The Nepal earthquake and its economic, poverty impacts

Chandan Sapkota
The Nepal earthquake and its economic, poverty impacts
Two months after the earthquake which devastated Nepal, how is the economic recovery going for survivors?

Two months after the catastrophic 7.8 magnitude earthquake struck Nepal on April 25, the government and development partners including the Asian Development Bank (ADB) are now publishing the definitive report on the tremor’s impact.

The executive summary and volume A of the Post Disaster Needs Assessment (PDNA) is already out, and we are still awaiting volume B. Information from the full set of reports, including a part of the aid pledged during the reconstruction conference, will feed into the government’s budget for next year expected to be announced by July 15. 

Impact on GDP growth

The PDNA says the earthquake lowered GDP growth by over 1.5 percentage points from an estimate of 4.6% in a no-earthquake scenario in fiscal year 2015 (which ends July 15, 2015). This new estimate is in line with the lower growth forecast we mentioned in our blog post on May 22.

GDP growth (basic prices) and percentage from the Central Bureau of Statistics/ ADB

Although the earthquake struck Nepal in the 10th month of fiscal year 2015, the impact on GDP growth is sizable especially on the services sector, which is now expected to grow by 3.9% compared to 6% in a no-earthquake scenario. Wholesale and retail trade, tourism (including air transport, and hotel and restaurant businesses), real estate, renting and business activities, and education sub-sectors are the most affected.

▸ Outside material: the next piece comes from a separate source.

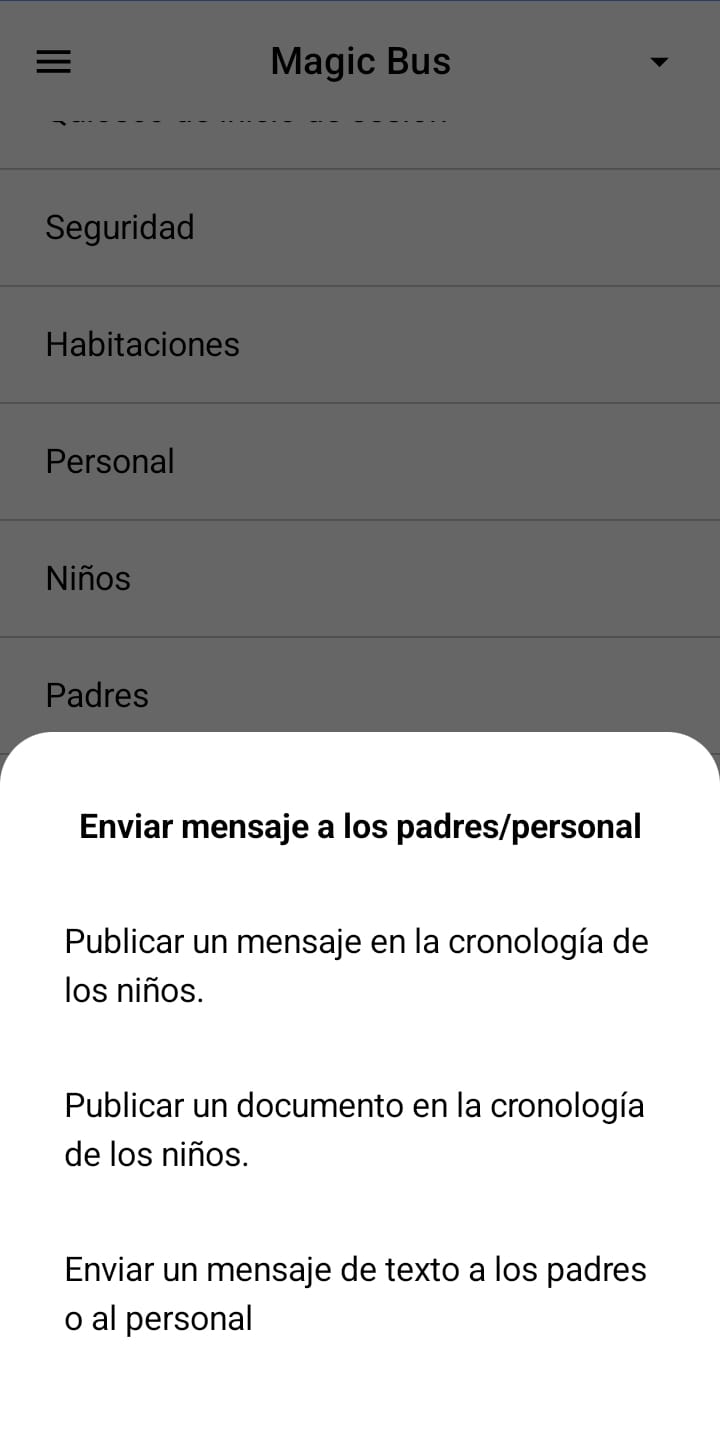 • Enviar mensaje a padres/personal: puedes tocar este icono para decidir si deseas publicar un mensaje en el timeline de un solo salón, de varios salones o de todos los salones.

The agriculture sector is expected to grow by 1.9% and industry by 2.7%, down from earlier no-earthquake scenario forecasts of 3% and 3.5%, respectively. The sharp drop in agricultural output is primarily due to the negative impact of delayed and weak monsoon in the first half of the fiscal year 2015, and later the loss of livestock due to the earthquake.

The slowdown in the industry sector is due to the drastic drop in quarrying, manufacturing and construction. Trade in stones, aggregates, sand and soil extraction has slowed down in affected districts, and the moratorium on construction activity till mid–July 2015 will also affect the sector. In manufacturing, there has been significant physical damage to manufacturing buildings and equipment, there is a labor shortage and also weak demand. Meanwhile, construction has slowed due to the policy to temporarily halt construction activities and the low production of construction materials, among others).

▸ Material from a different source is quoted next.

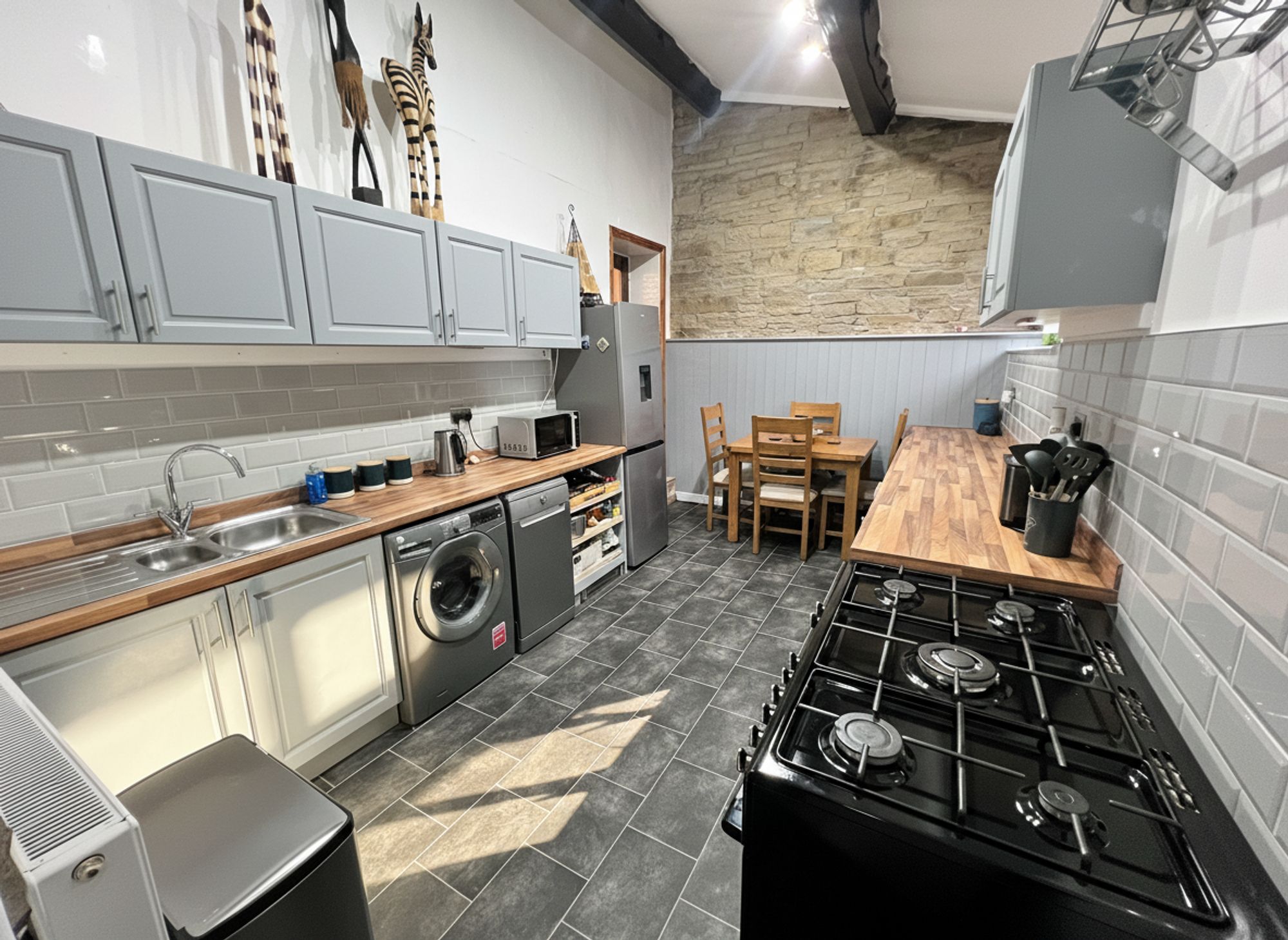 This fantastic kitchen is fitted with a range of modern grey wall and base units, complemented by wood-effect roll-top work surfaces and a contemporary block-style tiled splashback. There is space for a cooker, plumbing for a washing machine and dishwasher, and room for a freestanding fridge and freezer. The room offers ample space for a dining table and chairs, making it ideal for everyday family living and entertaining. Windows to two elevations flood the space with natural light, both framing delightful views and enhancing the overall sense of openness. Exposed stone walls and ceiling beams add wonderful character, while a stable-style door provides direct access to the outside, allowing alfresco dining to flow effortlessly and creating a superb entertaining environment.

Nepal’s GDP is estimated to be $21.6 billion in FY 2015 ($371 million less than what would have been in a no-earthquake scenario). The loss amounts to 1.5% of GDP. About 62% of the total gross value added (GVA) loss is accounted for by the services sector.

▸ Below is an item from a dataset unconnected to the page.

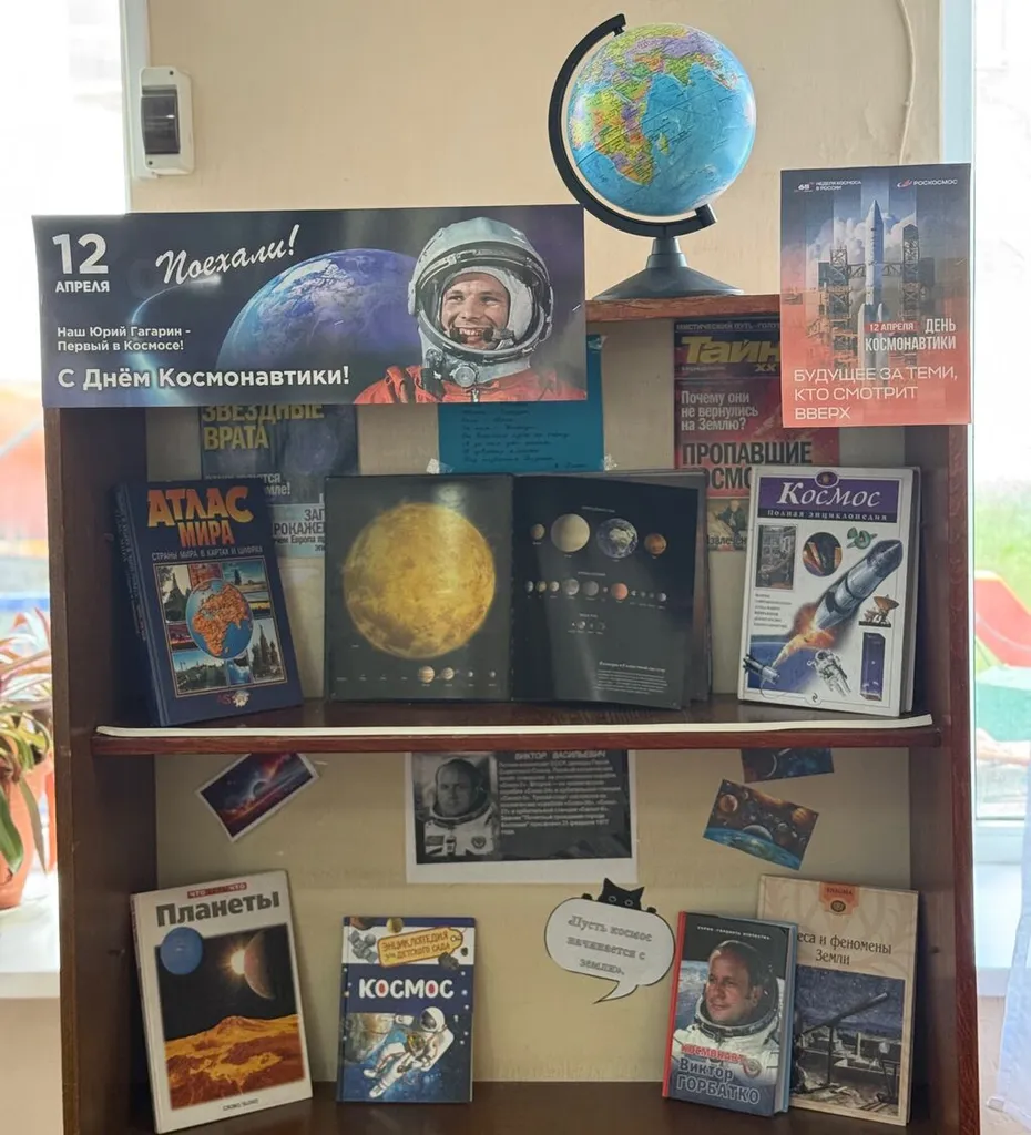 Также была подготовлена книжная выставка «Будущее за теми, кто смотрит вверх», которая познакомила читателей с разнообразной литературой, посвящённой истории космонавтики и развитию авиационной отрасли, это книги, энциклопедии, охватывающие различные аспекты космонавтики: от первых шагов человечества на пути к звёздам до современных технологий и достижений.

Impact on per capita income, poverty

REHABILITATION AND RECOVERY. Nepalese survivors of the earthquake stand strong amidst the looming economic and poverty impact of the earthquake. Photo from ADB

The PDNA estimates per capita income will decrease by $23 to $762 in FY 2015 compared to the no-earthquake scenario of $785. Real per capita income, which takes inflation into account, is forecast to increase by just 0.6% against 3.6% had there been no earthquake.

The report shows that the income shock from the earthquake will likely push an additional 700,000-982,000 people below the poverty line. This translates into an additional 2.5-3.5% of the estimated population in 2015 pushed into poverty on top of the 21% who were estimated to be living below the poverty line.

Nominal per capita GDP in USD from the Central Bureau of Statistics/ ADB

 

About 50-70% of the additional poor live in the rural central hills and mountains, where the vulnerability prior to the earthquake was already high.

The income shock will largely be felt though the loss of income-generating opportunities and livelihoods including death and injuries to primary wage earners and the loss of housing, productive assets like seeds, livestock, and farm equipment, and of durable assets such as assorted household items.

Beyond this monetary-based poverty estimate, a larger impact can be expected when factoring in multidimensional poverty, which includes additional factors such as water and sanitation services, disruption of schools and health services and the possibility of an uptick in food insecurity.

The poor and vulnerable are particularly dependent on local infrastructure such as roads, bridges, health posts, and schools for access to labor and commodity markets, and for accumulation of human capital (especially those of children).

Reviving local economic activities and the resumption of basic public services along with an accelerated implementation of reconstruction projects will be critical to make up for the set back on poverty reduction caused by the earthquake. – Rappler.com 

Chandan Sapkota is the Economic Officer of the ADB Nepal Resident Mission. He was a former consultant for the Government of Nepal, GIZ, UNDP and FAO. Sapkota previously worked as a researcher at South Asia Watch on Trade, Economics and Environment in Kathmandu, and was a junior fellow at the Carnegie Endowment for International Peace in Washington, DC.